Scott Brick in one of my favorite readers. His delivery is clear and keeps you interested.
The novel covers themes that Dick often explored in his writing - the nature of reality and how well we can trust our own interpretations of it, as well as the effect of drugs on our perceptions.
In this story of Jason Tavener, a celebrity who wakes up in a fleabag motel to find himself an overnight unknown, there are a lot of possible explanations for what happened, and the listener is kept guessing while Dick takes us through all the various characters who might help Jason figure out how to get back to his real life. I wouldn't like to give away too much of the ending, but I'll just say there was a similar denouement in the short story "The Electric Ant," which I personally liked better.
I think part of the problem for me was that Scott Brick simply wasn't the right narrator for this story. I have enjoyed his narrations in the past, and I bought this story mostly because I am a big fan of Philip K. Dick's, but partly due to the fact that Scott Brick was reading it. Unfortunately, his style just doesn't seem suited to Dick's dark humor. And there is definitely humor in Dick's stories, even though he is usually writing about such topics as drug abuse, police brutality and alienation from society.

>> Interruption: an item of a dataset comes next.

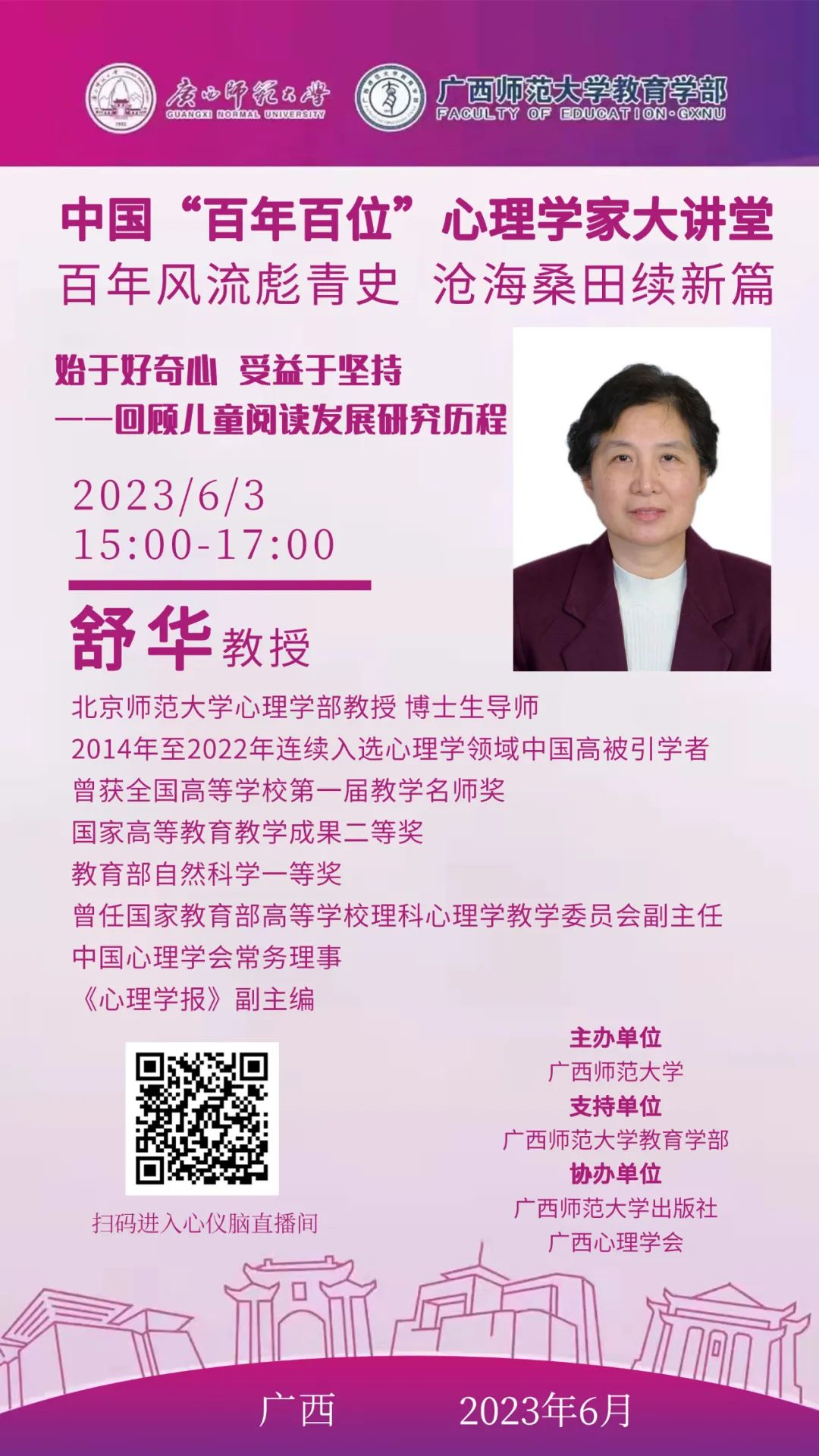 | 一、主题 中国“百年百位”心理学家大讲堂:百年风流彪青史,沧海桑田续新篇 二、举办单位 主办单位:华体会平台 承办单位:华体会平台教育学部 协办单位:华体会平台出版社、广西心理学会 三、直播时间和方式 2023年6月3日(星期六)15:00-17:00 扫码进入直播间(见附件) 电脑端观看:https://zwe.h5.xeknow.com/sl/2YeSSU 四、直播主讲人介绍 舒华教授,北京师范大学心理学部教授、博士生导师,2014年至2022年连续入选心理学领域中国高被引学者。曾获全国高等学校第一届教学名师奖、国家高等教育教学成果二等奖、教育部自然科学一等奖,曾任国家教育部高等学校理科心理学教学委员会副主任、中国心理学会常务理事、《心理学报》副主编。 五、后续专家预告 1.时勘教授 2.谭力海教授 3.李红教授 4.游旭群教授 5.白学军教授

For listeners who want to give a Philip K Dick story a try, I would recommend Paul Giamatti narration of A Scanner Darkly instead. It's grim and tragic, but Giamatti will also make you laugh.
This is my favorite Phillip K Dick book, it is well written and well read. Love those electric Sheep.
I don't know many friends I would recommend this too, although I got my book club to read Do Androids Dream of Electric Sheep and I was surprised to find they liked it fairly well.
I have several Dick books on my wish list.
I'm a Scott Brick fan, having heard several Nelson DeMille books read by him. He makes dialogue in this book come to life in a realistic way-- which plays against the dream-like feel of the story.
I was a little surprised by some-- shall I say-- debased aspects of the story. I don't recall that element so much in other books by this author. It's a rambling tale, but that's its strength.
This Dick novel started sooo brilliantly but like several Dick books fell apart toward the end in my opinion. I was disappointed to say the least.
I can't believe Scott Brick is the narrator as he is usually very good. This time however, he is so over the top and overly dramatic that I simply can't take it anymore. I think this is the first time I'm going to leave a audio book halfway.
The story also doesn't seem to be going anywhere and quite frankly, I don't care what happens to the main character. What's his name again?